CIPRA regularly organises activities such as seminars and conferences that attract infrastructure professionals, government workers, and workers from diverse industries in the private sector. These events are a great forum to share knowledge on economic and infrastructure development. The events also present a valuable networking opportunity for participants.

Contact us for a list of seminars we have to offer for 2015 and for bespoke programmes tailored for your organisational needs.​


High Level Forum On Nigeria’s Energy Future​

Lagos Business School’s Centre for Infrastructure, Policy, Regulation and Advancement (CIPRA) and Heinrich Böll Foundation organized a High-Level Forum to discuss Nigeria’s Energy Future. The event took place at the Lagos Business School, on April 28, 2015 and brought together international and national energy experts including Hans Verolme- Senior Strategic Climate Adviser; Christine K- Director, Heinrich Böll Foundation; Batchi Baldeh- Senior Vice President Power, Africa Finance Corporation; Ayodele Oni- Lawyer and Energy Expert, Banwo & Ighodalo; and Hannah Kabir-CEO, Creeds Energy among others.
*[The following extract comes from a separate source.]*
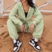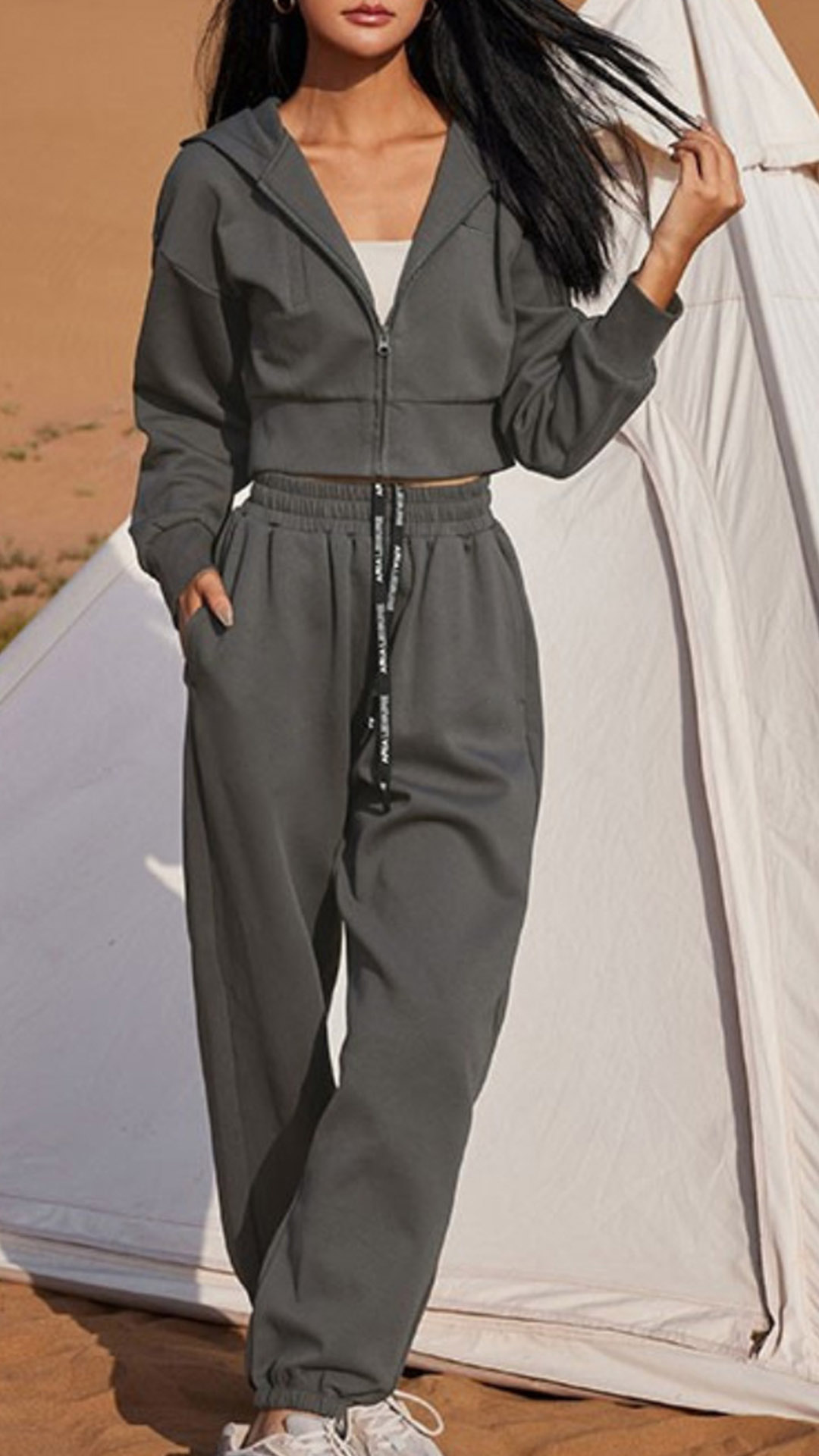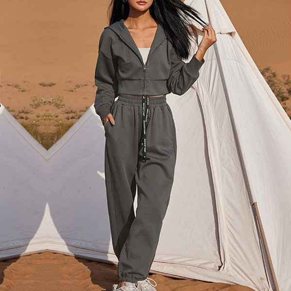 This set effortlessly combines fashion and comfort. The solid color design offers versatility, making it easy to mix and match with other pieces in your wardrobe. The drawstring details on both the sweatshirt and sweatpants provide a customized fit and add a stylish element. Crafted with a soft and comfortable fabric, this sport set is perfect for casual outings, workouts, or lounging at home.

At the forum, Dr. Ijeoma Nwagwu of CIPRA, Lagos Business School said that detailed concepts and policies for the required massive increase in electricity supplies have hardly been discussed in public in Nigeria, even during the recent election campaigns, and “this time of transition is the perfect opportunity for renewed, hopeful and strategic focus on energy poverty in Nigeria.” According to Dr. Nwagwu, “If it is to make gains on its commitment to create jobs, address insecurity and corruption in Nigeria, the new government must deal with the reality that 80% of Nigerians lack stable power supply and 2/3rds of Africans, mainly in the rural areas, live without electricity.”

Christine K, Nigeria Director of the Heinrich Boll Foundation said, “Most Nigerian experts favor an expansion of the national grid, fed by power from fossil fuels such as oil and gas. Given that the infrastructural choices taken today will lock Nigeria onto a certain energy pathway for the next 30 to 50 years, a wider discussion of the implications of these infrastructural choices is necessary,” today, given the context of global warming from CO2 emissions and a changing global energy and energy investment landscape.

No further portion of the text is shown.